Ну и ладно. Всё, пора на встречу с «бошем». А с того кроме денег чего потребовать? Или вместо денег?
Событие тридцать первое
«Тем, кто дружен, не страшны тревоги,
Нам любые дороги дороги».
— Ваш гонорар — двадцать тысяч марок, — немец был грузный. Красиво одет в светло-серый костюм, галстук подобран под рубашку. Пробор на светлой голове. Ещё бы три десятка кило сбросить — и истинный ариец. А так — пузан пузаном.
— Герр Флигерт, а можно не деньгами? — Пётр придумал, что с немца стребовать.
— А что вас интересует? — русского Фриц не знал. Нет, Фриц — это не прозвище, это имя. Фриц Флигерт. Немецкий уже Пётр знал так себе. Общались через переводчицу. Вроде бы флигер — это один из парусов. Моряками, значит, предки были.
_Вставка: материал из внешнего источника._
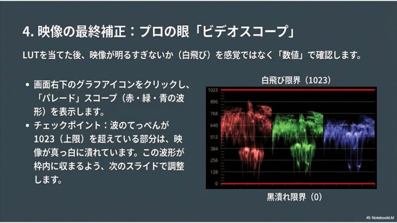 6. ビデオスコープを活用した白飛び防止(技術補正)

— А интересует нас асфальтоукладчик.
Бабам. Это у всех присутствующих челюсти отвалились. Присутствовали люди непростые — и Федин был, и Фурцеву позвали. Уж точно не каждый день ФРГшное издательство заключает договор с русским писателем. Но Фурцева, один чёрт, перебор. Болеет за своего протеже? Или бдит? А то отчебучит чего… И вот! Уже отчебучил. У земляка… Стоп. Земляк — это когда родились в одном месте. Штелле-то был немцем, но родился в СССР, и менять на толерантную Европу его не собирался. А как одним словом называются представители одной нации? Нацисты? Смешно. Соплеменники? Но при чём здесь сопли? У немца тоже челюсть отвалилась, когда переводчица донесла до Фрица смысл просьбы. Долго искала синонимы.
— Asphalt Fertiger?
— О! Я! Я! Asphalt Fertiger, — и без впавшей в кому старушки обошёлся Пётр.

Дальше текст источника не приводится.